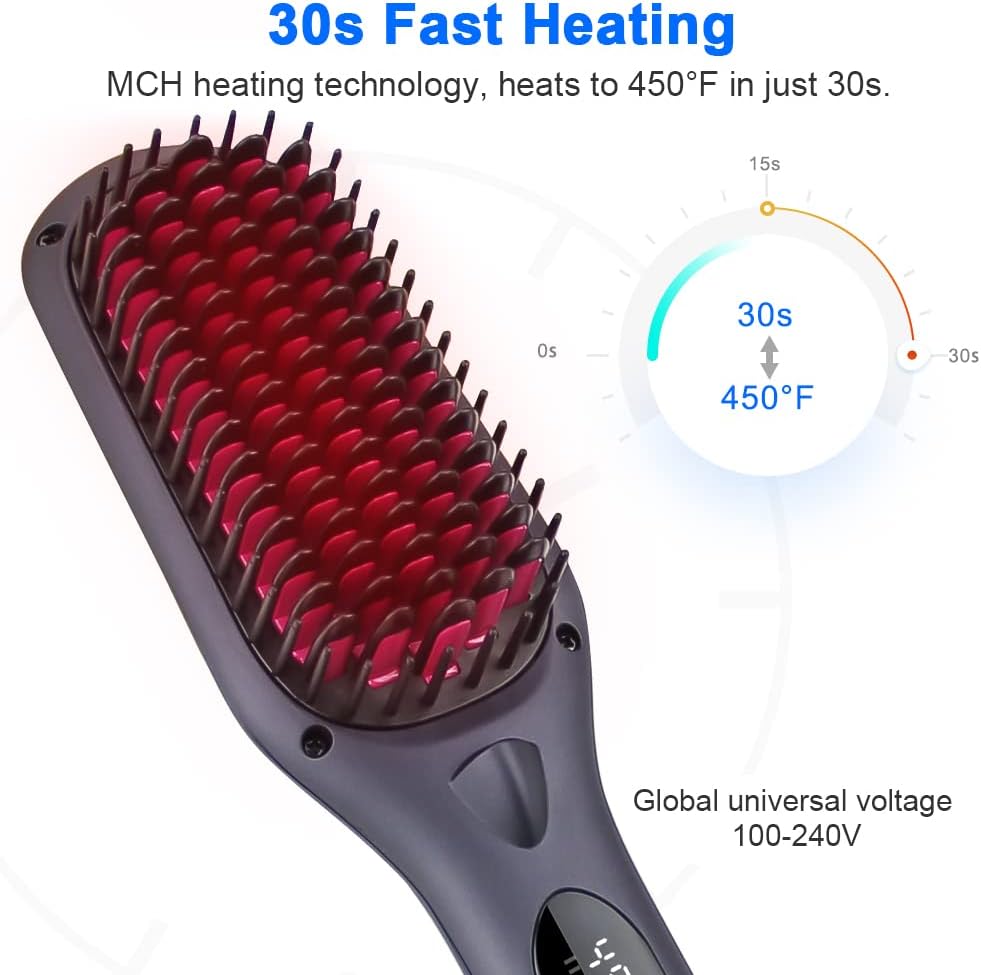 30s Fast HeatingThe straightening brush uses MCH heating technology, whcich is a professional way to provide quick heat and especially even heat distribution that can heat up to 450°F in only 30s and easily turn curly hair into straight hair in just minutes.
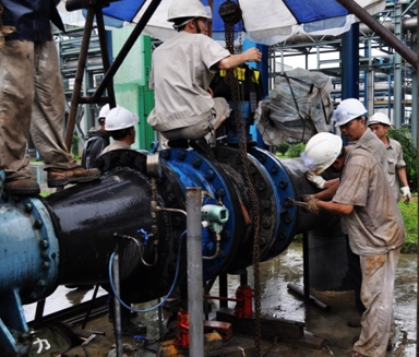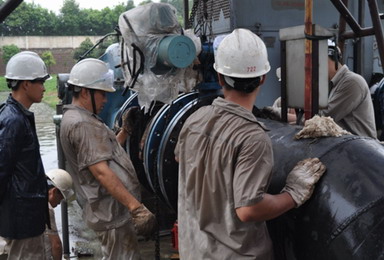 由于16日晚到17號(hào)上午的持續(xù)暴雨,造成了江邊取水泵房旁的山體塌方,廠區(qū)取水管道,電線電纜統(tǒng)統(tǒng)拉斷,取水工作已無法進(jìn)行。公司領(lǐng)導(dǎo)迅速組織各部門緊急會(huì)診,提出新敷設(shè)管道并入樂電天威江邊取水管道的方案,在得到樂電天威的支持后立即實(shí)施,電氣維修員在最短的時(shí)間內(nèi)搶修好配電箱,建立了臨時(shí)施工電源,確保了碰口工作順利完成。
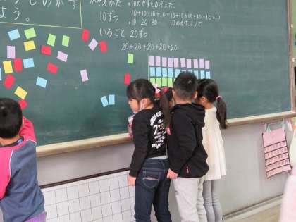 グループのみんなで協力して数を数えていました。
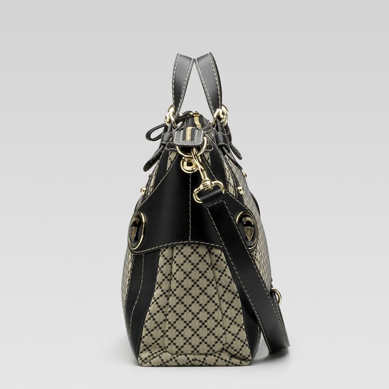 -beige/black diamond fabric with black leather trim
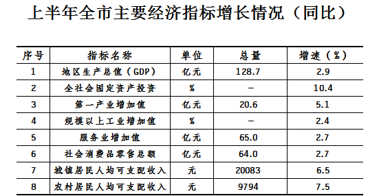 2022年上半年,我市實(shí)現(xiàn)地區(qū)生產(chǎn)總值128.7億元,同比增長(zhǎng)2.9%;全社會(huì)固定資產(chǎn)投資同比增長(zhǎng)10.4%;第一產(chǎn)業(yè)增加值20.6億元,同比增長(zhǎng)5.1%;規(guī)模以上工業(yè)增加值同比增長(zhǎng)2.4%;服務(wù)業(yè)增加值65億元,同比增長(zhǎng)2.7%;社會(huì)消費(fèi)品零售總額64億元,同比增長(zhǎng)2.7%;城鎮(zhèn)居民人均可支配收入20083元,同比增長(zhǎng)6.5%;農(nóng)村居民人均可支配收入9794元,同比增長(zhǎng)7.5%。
---*---
Nothing but the lines from the first line of the data through the line with "-beige/black diamond fabric" belongs in the answer, copied exactly and without pictures.

Solution to this task:
 30s Fast HeatingThe straightening brush uses MCH heating technology, whcich is a professional way to provide quick heat and especially even heat distribution that can heat up to 450°F in only 30s and easily turn curly hair into straight hair in just minutes.
 由于16日晚到17號(hào)上午的持續(xù)暴雨,造成了江邊取水泵房旁的山體塌方,廠區(qū)取水管道,電線電纜統(tǒng)統(tǒng)拉斷,取水工作已無法進(jìn)行。公司領(lǐng)導(dǎo)迅速組織各部門緊急會(huì)診,提出新敷設(shè)管道并入樂電天威江邊取水管道的方案,在得到樂電天威的支持后立即實(shí)施,電氣維修員在最短的時(shí)間內(nèi)搶修好配電箱,建立了臨時(shí)施工電源,確保了碰口工作順利完成。
 グループのみんなで協力して数を数えていました。
 -beige/black diamond fabric with black leather trim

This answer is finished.